▶ _TASK STATEMENT_: Return each line of the listing below, unchanged, and omit the images.

☆ ☆ ☆

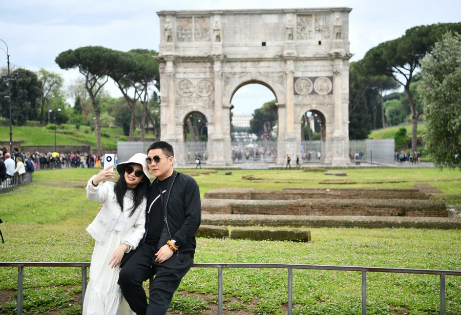 Chinese tourists take selfies near the Arch of Constantine in Rome, Italy, May 1, 2023. (Xinhua/Jin Mamengni)
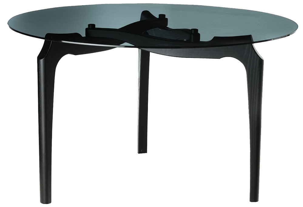 The Carlina Round by BD Barcelona is a sculptural dining table that perfectly balances bold contemporary design with refined craftsmanship. Created by Oscar Tusquets Blanca, it captivates with its smoked tempered glass top, floating like a mirrored surface, supported by an ash wood frame in deep black, where intertwined wooden elements resemble knotted fingers or bent knees. This organic play of forms creates a refined visual tension, enhanced by the contrast of materials and the purity of the circle.
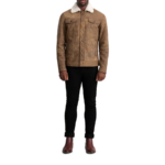 Dallis Brown Suede Shearling Trucker Jacket
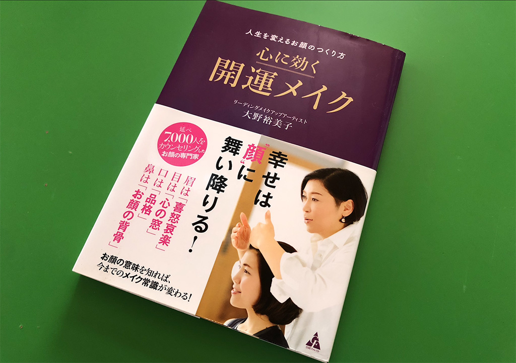 顔立ちや表情から性格や運勢などを読み解く人相・観相学という学問があります。それを現代の生活に取り入れやすくしたフェイスリーディング法をもとに大野さんが生み出したのが「大野裕美子の開運メイク®」です。リーディングメイクアップアーティストとしてパーソナルレッスンや開運メイクのアドバイス、養成講座なども全国で開催。その極意をまとめたのが「人生を変えるお顔のつくり方 心に効く開運メイク」です。
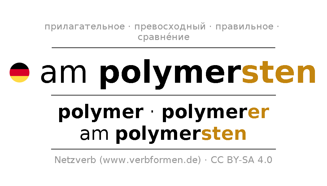 Прилагательное склоняется am polymersten (полимерный) и в степенях сравнения polymer,polymerer,am polymersten . Формы сравнительной и превосходной степеней прилагательного имеют следующие суффиксы er/sten. Прилагательное am polymersten может употребляться как в качестве определения перед существительным (с артиклем и без него, в формах сильного, слабого и смешанного склонений), так и в качестве именной части сказуемого в сочетании с глаголом.Можно не только отразить и сравнить am polymersten, но и все немецкие прилагательные. Kомментарии ☆
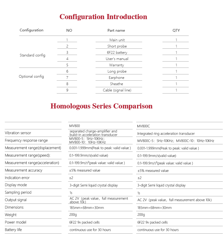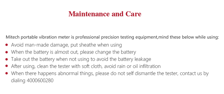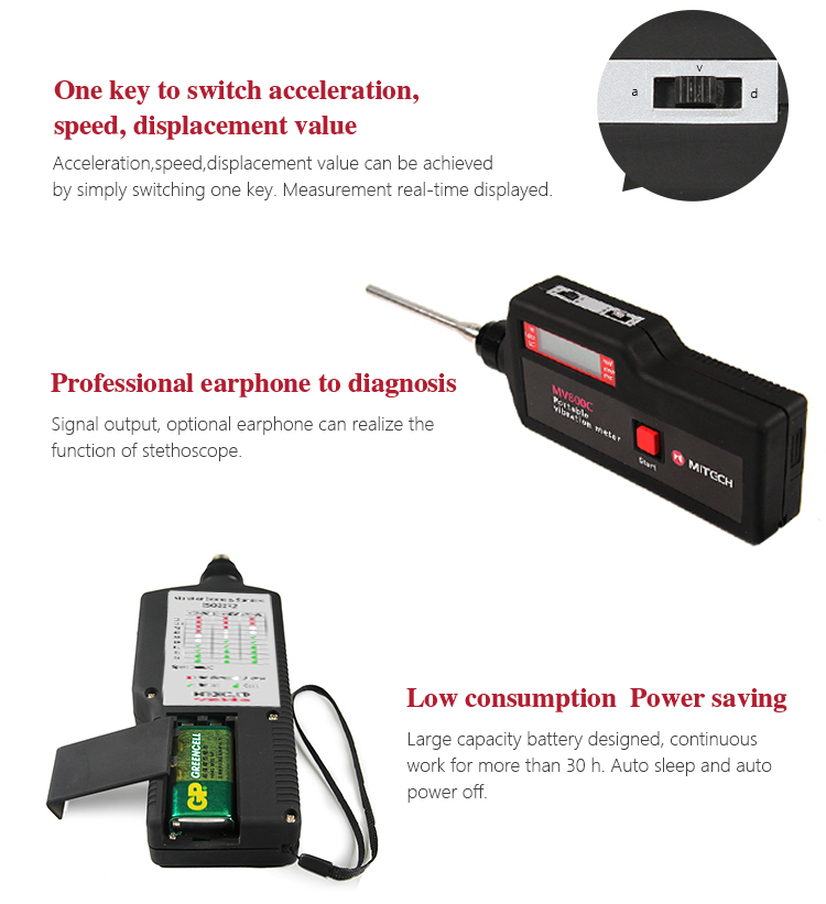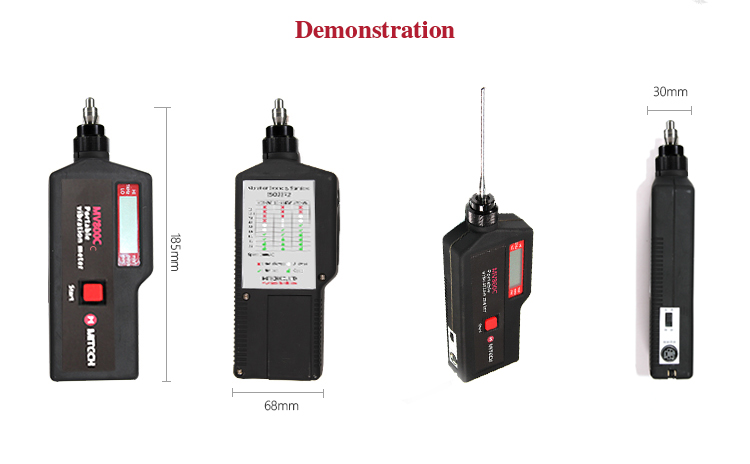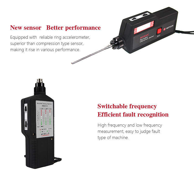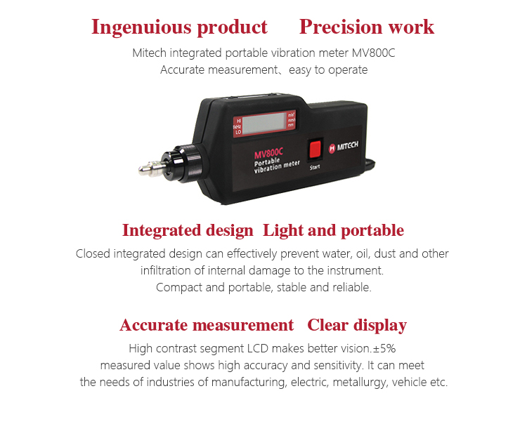 MITECH portable vibration meter MV800C is made up of piezoelectric transducer and digital display circuit. It is mainly used to measure vibration acceleration, speed and displacement of various rotary machine. This product has the advantages of large measurement, wide variety, intuitively demonstration, small size, light weight etc. It is widely used in measurement on site or at height and can reduce the working strength, improve the working efficiency.
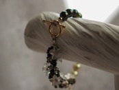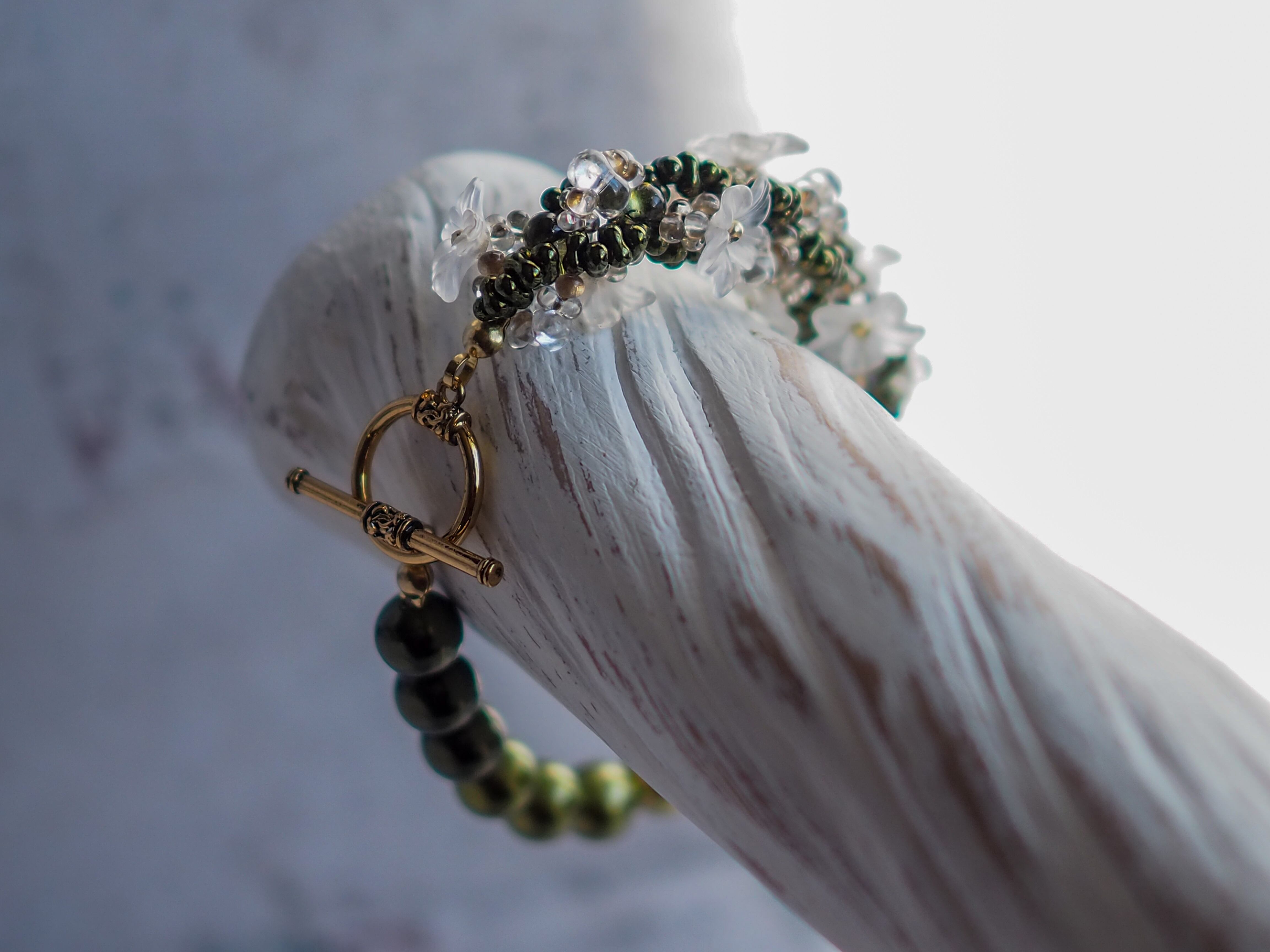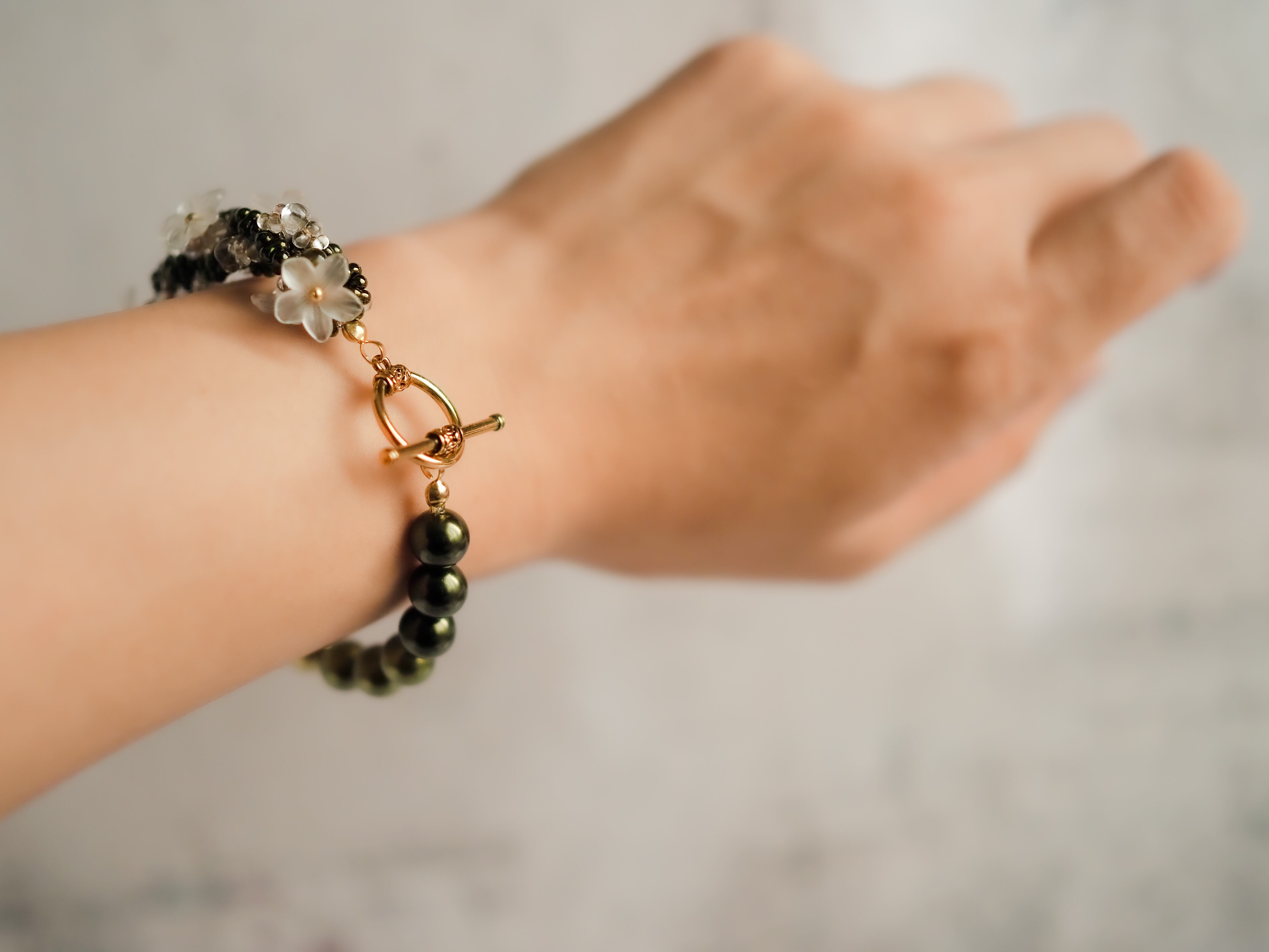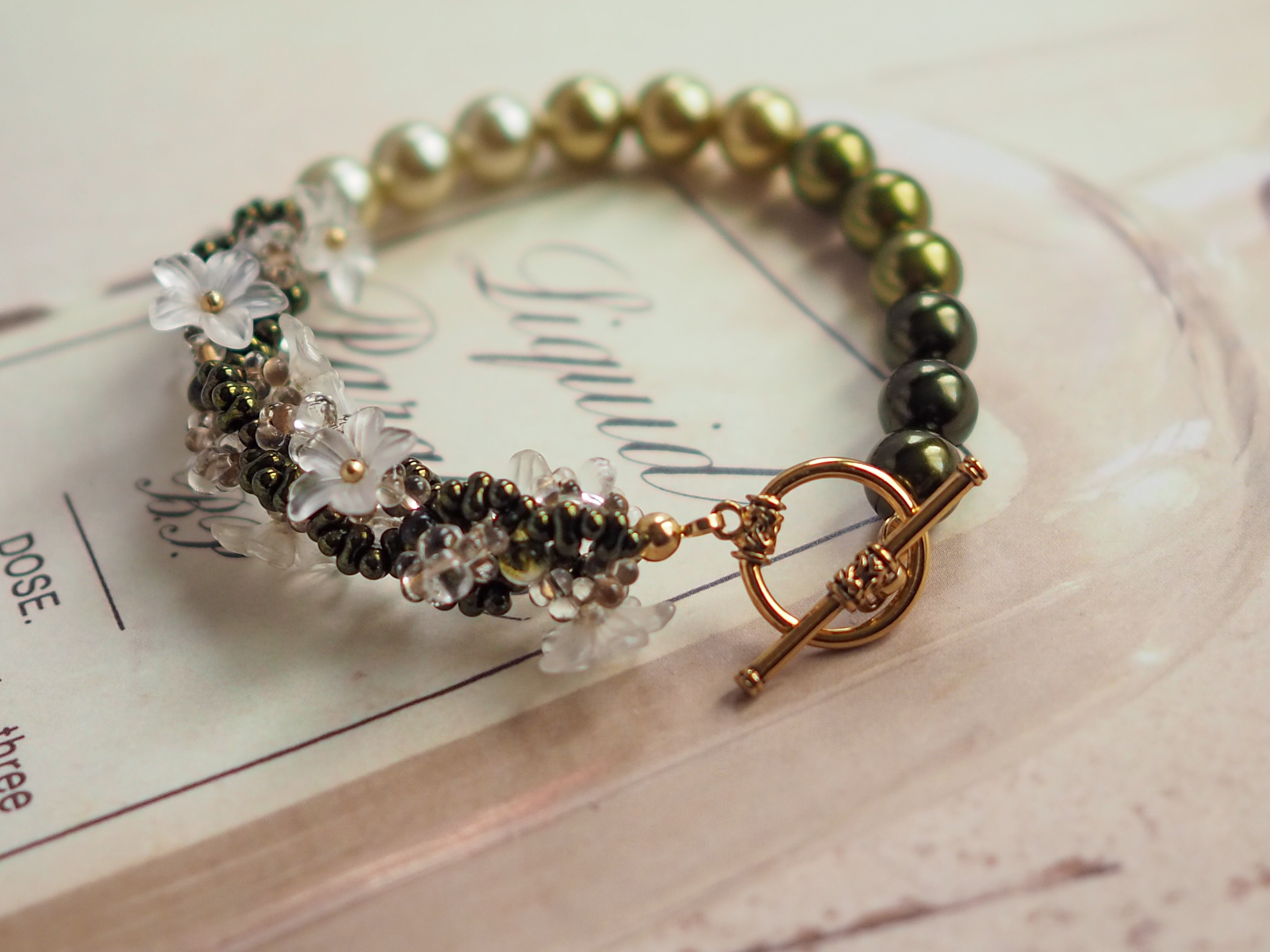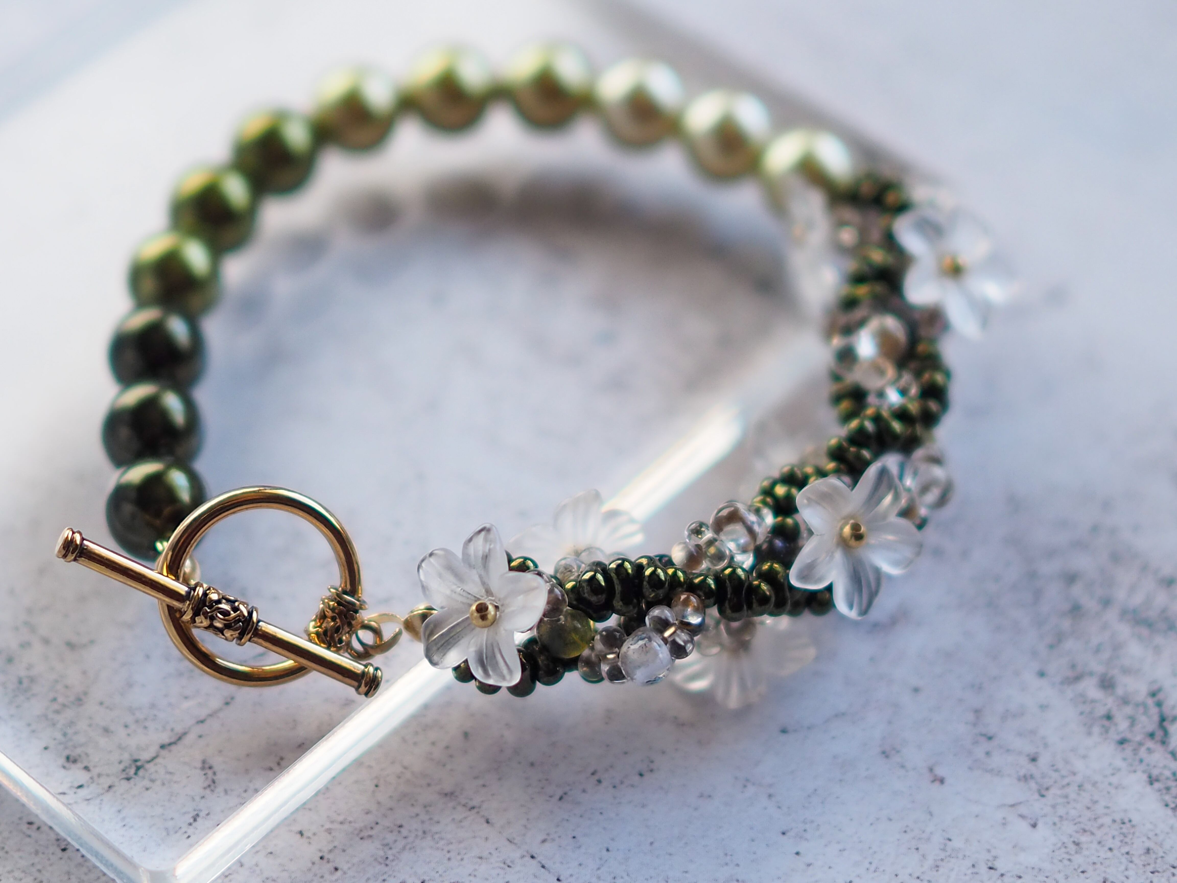 グラデーションパールとファルファーレビーズを組み合わせて編み上げたブレスレットです。

☆ ☆ ☆

▶ _ANSWER TO THIS TASK_:
 Chinese tourists take selfies near the Arch of Constantine in Rome, Italy, May 1, 2023. (Xinhua/Jin Mamengni)
 The Carlina Round by BD Barcelona is a sculptural dining table that perfectly balances bold contemporary design with refined craftsmanship. Created by Oscar Tusquets Blanca, it captivates with its smoked tempered glass top, floating like a mirrored surface, supported by an ash wood frame in deep black, where intertwined wooden elements resemble knotted fingers or bent knees. This organic play of forms creates a refined visual tension, enhanced by the contrast of materials and the purity of the circle.
 Dallis Brown Suede Shearling Trucker Jacket
 顔立ちや表情から性格や運勢などを読み解く人相・観相学という学問があります。それを現代の生活に取り入れやすくしたフェイスリーディング法をもとに大野さんが生み出したのが「大野裕美子の開運メイク®」です。リーディングメイクアップアーティストとしてパーソナルレッスンや開運メイクのアドバイス、養成講座なども全国で開催。その極意をまとめたのが「人生を変えるお顔のつくり方 心に効く開運メイク」です。
 Прилагательное склоняется am polymersten (полимерный) и в степенях сравнения polymer,polymerer,am polymersten . Формы сравнительной и превосходной степеней прилагательного имеют следующие суффиксы er/sten. Прилагательное am polymersten может употребляться как в качестве определения перед существительным (с артиклем и без него, в формах сильного, слабого и смешанного склонений), так и в качестве именной части сказуемого в сочетании с глаголом.Можно не только отразить и сравнить am polymersten, но и все немецкие прилагательные. Kомментарии ☆
 MITECH portable vibration meter MV800C is made up of piezoelectric transducer and digital display circuit. It is mainly used to measure vibration acceleration, speed and displacement of various rotary machine. This product has the advantages of large measurement, wide variety, intuitively demonstration, small size, light weight etc. It is widely used in measurement on site or at height and can reduce the working strength, improve the working efficiency.
 グラデーションパールとファルファーレビーズを組み合わせて編み上げたブレスレットです。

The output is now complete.